For years, Russia wanted to give the Navy veterans of this route the special Ushakov medal to thank them for their bravery.

Initially Westminster blocked it but then backed down.

So on Friday, after 70 years of waiting, 91-year-old Tommy Jess from Lisburn can receive the recognition from Russia that he has been "longing for".


The Russian Embassy is holding a special ceremony at Custom House Square in Belfast to present the medals.

Mr Jess told the BBC that the accolade meant a lot.

His own ship, the HMS Lapwing, sank in 1945. Mr Jess can recall the moment a torpedo hit his boat.

Image copyright Tommy Jess
Image caption HMS Lapwing, the ship Tommy Jess was on when it was torpedoed and sunk in 1945

He said it was snowing at the time. He was blown from the upper deck and it was "every man for himself". The boat sank in 10 minutes.

He said his final thoughts before he jumped from the boat were of his mother and father, their shock when they would find out he was gone.

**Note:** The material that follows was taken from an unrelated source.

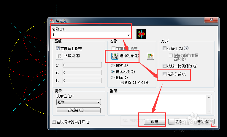 2、先將其設置成不可分解的塊:B——空格——調出塊定義窗口——先命名——再選要設置塊的對象——允許分解前不要打勾——確定

He was on a raft in the water for two hours. Only seven men out of sixteen on that raft survived.


"Thank God I made it. When the ship was torpedoed the hatches were jammed and the boys down below could not get out.

"I have waited 70 years for this. And to receive that letter from the Russian embassy is the nicest thing that has ever happened to me.

"Twenty years ago I never thought nothing of it, I just took it in my stride. As the years went on it's been very, very difficult."

Mr Jess said he will be thinking about a friend from Banbridge, who did not survive the convoy, when he wears his Russian medal.

"When I came home on my first leave I had to go and explain to his parents, and that was an ordeal."